Your assignment ▸ Copy every line of the records exactly, without including the images.

Source data:

........

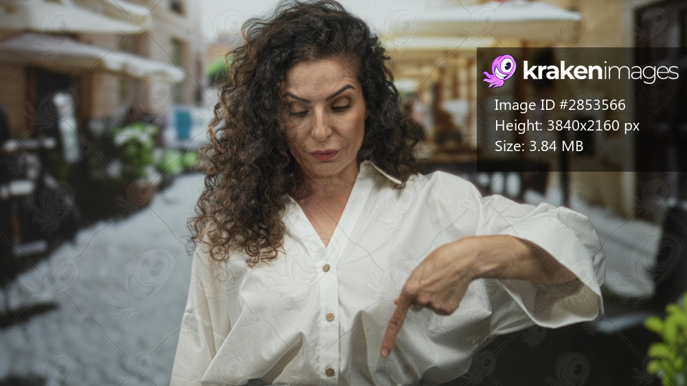 Young hispanic woman pointing finger down to cobblestone pavement on bustling city street at daytime; confidence instruction guidance emphasis.
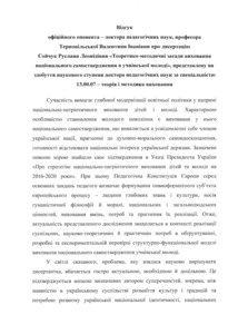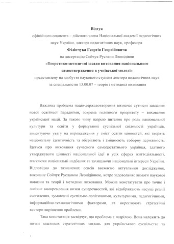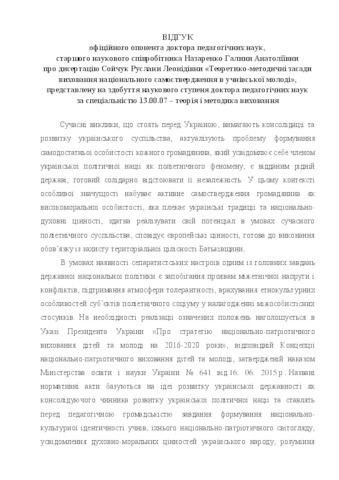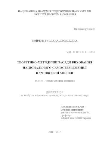 The thesis represents a new conceptual approach to education of national selfassertion in school youth that consists of substantiation of the theoretical and methodical bases of formation of national self-assertion in school students, development and experimental testing of the efficiency of the structural-functional model and methods of educating school youth’s national self-assertion in extracurricular activities of general educational institution. The author substantiates theoretical and methodological approaches to studying the issue of national self-assertion of personality. She specifies the content of the notion ‘national self-assertion of personality’ as an integrative quality-value of a person that manifests itself as a formed positive national identity through which the person realizes his (her) civic position. The candidate for the degree argues that this quality-value covers love towards Homeland, responsibility for the nation and respect towards all ethnical groups that constitute the Ukrainian people, aspiration for moral self-perfection, readiness to protect the Ukrainian state’s national interests.
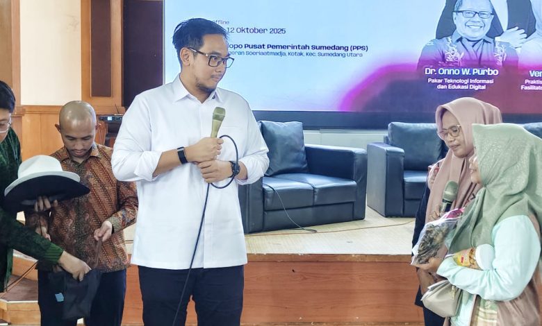 Kegiatan tersebut merupakan bagian dari Artificial Intelligence Training Road Show to Sumedang yang turut menghadirkan pakar teknologi informasi, Dr. Onno W. Purbo. Selain diskusi panel, kegiatan ini juga dilanjutkan dengan pelatihan teknis penggunaan AI bagi pelaku UMKM pada Minggu (12/10/2025).
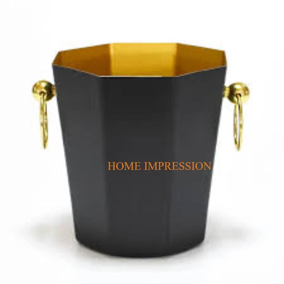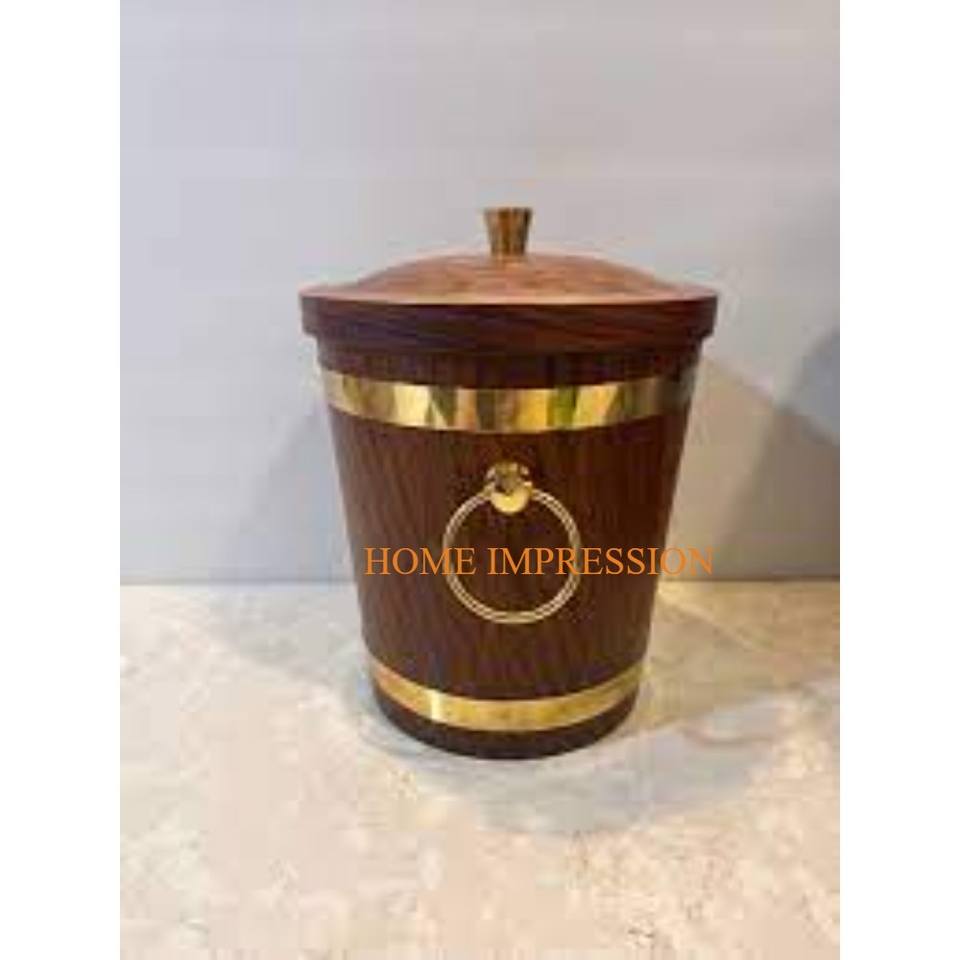 ผู้ผลิตถังขวดไวน์ที่ทำจากไม้และโลหะขัดเงาสีทองพร้อมด้ามจับดีไซน์เนอร์ทรงกวางถังไวน์บนโต๊ะแบบคลาสสิก
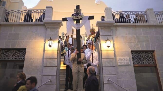 Σε αντίθεση με τα περισσότερα μέρη της Ελλάδας, όπου η πιο εντυπωσιακή στιγμή της Μεγάλης Εβδομάδας είναι η Ανάσταση, στη Σύρο είναι η Μεγάλη Παρασκευή και αυτό γιατί συνυπάρχουν οι Επιτάφιοι από τις ορθόδοξες και καθολικές εκκλησίες!
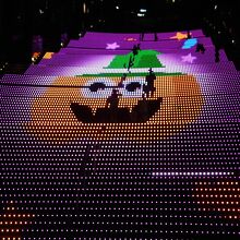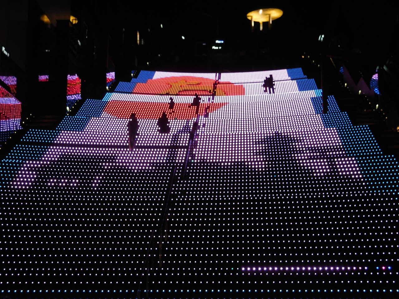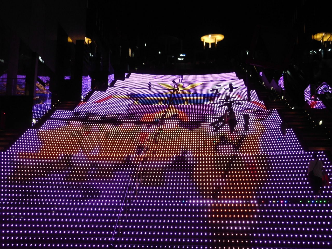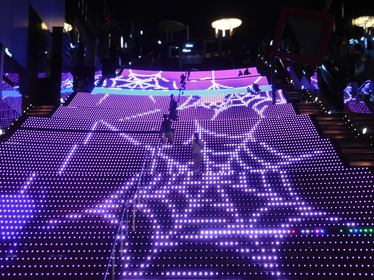 京都駅ビルの大階段にて夜に開催されているグラフィカルイルミネーションです。季節ごとに演出が変わるようで、訪れた10月は、ハロウィンも組み合わさったメニューで行われていました。音楽と映像が組み合わさって、スケールの大きな演出になっていました。無料の為、気軽に鑑賞できる雰囲気で、階段に登ったり下ったりして、楽しんでいる子供達もいました。1クール15分だったので、一通り見る事が出来、思いがけず楽しむ事が出来て良かったです。
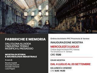 Il 3 luglio, dalle ore 17, l'inaugurazione della mostra “Fabbriche e memoria”. La rassegna sarà ospitata nella sede dell’Ordine degli Architetti di Varese, in via Gradisca.
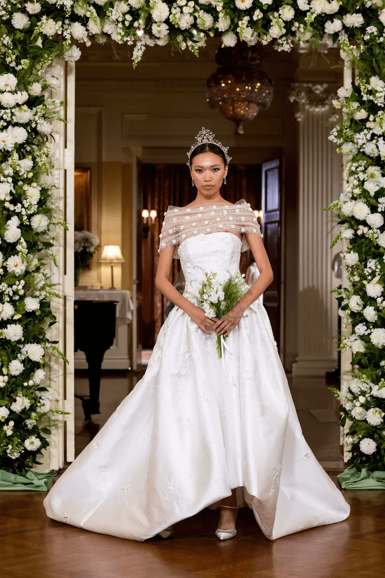 بالنسبة لمجموعات خريف 2024، ظهرت كل من THEIA وMorilee من Madeline Gardner لأول مرة في تصميمات بطول الكاتدرائية تتميز بنسيج أنيق مطرز حول الحواف.

........

Problem solution ▸
 Young hispanic woman pointing finger down to cobblestone pavement on bustling city street at daytime; confidence instruction guidance emphasis.
 The thesis represents a new conceptual approach to education of national selfassertion in school youth that consists of substantiation of the theoretical and methodical bases of formation of national self-assertion in school students, development and experimental testing of the efficiency of the structural-functional model and methods of educating school youth’s national self-assertion in extracurricular activities of general educational institution. The author substantiates theoretical and methodological approaches to studying the issue of national self-assertion of personality. She specifies the content of the notion ‘national self-assertion of personality’ as an integrative quality-value of a person that manifests itself as a formed positive national identity through which the person realizes his (her) civic position. The candidate for the degree argues that this quality-value covers love towards Homeland, responsibility for the nation and respect towards all ethnical groups that constitute the Ukrainian people, aspiration for moral self-perfection, readiness to protect the Ukrainian state’s national interests.
 Kegiatan tersebut merupakan bagian dari Artificial Intelligence Training Road Show to Sumedang yang turut menghadirkan pakar teknologi informasi, Dr. Onno W. Purbo. Selain diskusi panel, kegiatan ini juga dilanjutkan dengan pelatihan teknis penggunaan AI bagi pelaku UMKM pada Minggu (12/10/2025).
 ผู้ผลิตถังขวดไวน์ที่ทำจากไม้และโลหะขัดเงาสีทองพร้อมด้ามจับดีไซน์เนอร์ทรงกวางถังไวน์บนโต๊ะแบบคลาสสิก
 Σε αντίθεση με τα περισσότερα μέρη της Ελλάδας, όπου η πιο εντυπωσιακή στιγμή της Μεγάλης Εβδομάδας είναι η Ανάσταση, στη Σύρο είναι η Μεγάλη Παρασκευή και αυτό γιατί συνυπάρχουν οι Επιτάφιοι από τις ορθόδοξες και καθολικές εκκλησίες!
 京都駅ビルの大階段にて夜に開催されているグラフィカルイルミネーションです。季節ごとに演出が変わるようで、訪れた10月は、ハロウィンも組み合わさったメニューで行われていました。音楽と映像が組み合わさって、スケールの大きな演出になっていました。無料の為、気軽に鑑賞できる雰囲気で、階段に登ったり下ったりして、楽しんでいる子供達もいました。1クール15分だったので、一通り見る事が出来、思いがけず楽しむ事が出来て良かったです。
 Il 3 luglio, dalle ore 17, l'inaugurazione della mostra “Fabbriche e memoria”. La rassegna sarà ospitata nella sede dell’Ordine degli Architetti di Varese, in via Gradisca.
 بالنسبة لمجموعات خريف 2024، ظهرت كل من THEIA وMorilee من Madeline Gardner لأول مرة في تصميمات بطول الكاتدرائية تتميز بنسيج أنيق مطرز حول الحواف.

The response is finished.